Our endeavors in the area of work and the economy draw heavily on the resources that come with being situated within a flourishing university. In particular, our partnerships with the Seattle Pacific University (SPU) Library and the School of Business, Government, & Economics provide a rich setting for students and faculty to explore the intersection of Christian discipleship and the common good. In this article, we highlight two recent developments: a major new addition to the Work and Faith Collection in the Library and a new unit on work and the economy in a required seminary course.
The SPU Work and Faith Collection was birthed in 2008, with the donation of Pete Hammond’s vast array of books and other resources. These materials examine the intersection of Christian faith with work, economics, business, the professions and vocation. In 2017, the collection received a significant addition as business leader Bill Pollard donated a large collection of internal papers and speeches. These documents give researchers the opportunity to explore Pollard’s lifelong aim of integrating Christian values in a business setting. The Pollard papers are arranged around seven primary topics, including the responsibility of leadership, the role of the firm as a moral community, and business as a calling.

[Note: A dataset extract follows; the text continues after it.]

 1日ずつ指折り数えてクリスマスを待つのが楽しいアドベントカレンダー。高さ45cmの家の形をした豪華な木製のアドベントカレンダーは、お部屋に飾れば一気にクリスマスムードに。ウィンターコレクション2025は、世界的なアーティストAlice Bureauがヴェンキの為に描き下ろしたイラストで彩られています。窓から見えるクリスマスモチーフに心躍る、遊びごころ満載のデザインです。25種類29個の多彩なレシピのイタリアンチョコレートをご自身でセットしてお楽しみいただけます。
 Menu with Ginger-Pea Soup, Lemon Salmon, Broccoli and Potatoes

One key initiative enabled by the donation of the Pollard papers is a new research program. The Bill Pollard Faith and Business Research Fellowship will bring three scholars to the SPU campus in the summer of 2018 to pursue an original research project related to the content of the papers. One of these scholars will be invited back to campus in 2019 for a presentation of the research to a group of faculty and fellows in SPU’s Center for Integrity in Business.
One of the Pollard Fellowship recipients is SPS Professor of Dogmatic and Constructive Theology Daniel Castelo. His work with the collection this summer will focus on two main areas. First, he will explore the notion of management as a liberal art. In particular, he will consider the distinct contributions the liberal arts have to play in developing leaders that can make complex decisions while attending to a Christian account of personhood, creation and human flourishing. Second, Castelo will examine the formative and de-formative capabilities of business culture. He is especially interested in the ways companies in various cultures think of their collective lives and the moral impact of these various understandings. We are encouraged by the opportunities that the Work and Faith Collection, and the Pollard papers in particular, will provide our students and faculty.

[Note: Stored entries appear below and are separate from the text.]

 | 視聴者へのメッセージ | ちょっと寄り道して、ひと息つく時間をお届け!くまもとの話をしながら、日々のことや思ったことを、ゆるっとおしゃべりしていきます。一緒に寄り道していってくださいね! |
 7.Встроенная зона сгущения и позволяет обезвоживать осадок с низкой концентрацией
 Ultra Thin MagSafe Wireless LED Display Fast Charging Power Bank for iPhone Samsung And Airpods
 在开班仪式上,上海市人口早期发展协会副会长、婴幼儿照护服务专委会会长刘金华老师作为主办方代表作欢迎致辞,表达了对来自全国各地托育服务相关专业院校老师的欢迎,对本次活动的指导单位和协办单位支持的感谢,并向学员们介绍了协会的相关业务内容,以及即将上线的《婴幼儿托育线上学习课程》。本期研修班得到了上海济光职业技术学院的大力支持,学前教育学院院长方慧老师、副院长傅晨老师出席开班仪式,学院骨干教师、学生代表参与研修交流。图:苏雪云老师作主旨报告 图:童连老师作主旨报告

A second significant recent development is a new unit in our core curriculum. The unit is part of the class “Vocational Discernment and Discipleship,” which is now required in all degree programs at SPS. This class explores the theology of vocation, the relationship of work and calling, discernment for individuals and communities, and the holistic nature of discipleship. While the course was an original part of the SPS curriculum and was traditionally offered bi-annually, it is now offered every year.
The Vocational Discernment and Discipleship course now involves a standard unit on work and the economy. The aim is to prepare students to model and promote daily work as a central dimension of faithful stewardship in the communities they lead. The particular components of this unit will vary from year to year. The Spring 2018 offering, for example, includes Tom Nelson’s Work Matters: Connecting Sunday Worship to Monday Work as a required text. Students will write reflection papers on this text that focus on making these connections in congregations, non-profit organizations and other ministries they may serve. The class will also benefit from the resources of the Oikonomia Network partnership, such as the video talks offered through the Economic Wisdom Project.
While the Vocational Discernment and Discipleship class is a natural curricular home for faith and work exploration, it is certainly not the only contact point. In Autumn 2018, SPS will offer its Theology and Business Integration Seminar. This class serves as a capstone for our M.A. in Business and Applied Theology program, integrating students’ seminary coursework with their work in the School of Business, Government and Economics. Additionally, in Summer 2018, students can take the SPS course in Christian Social Entrepreneurship and Church Planting. As part of this course, students will develop a workable social venture business plan to apply their learning directly to a particular faith community.
These are just a few examples of SPS coursework that is oriented toward the student outcome goals of the Oikonomia Network. We are encouraged by these developments and we look forward to cultivating this ongoing partnership with the network.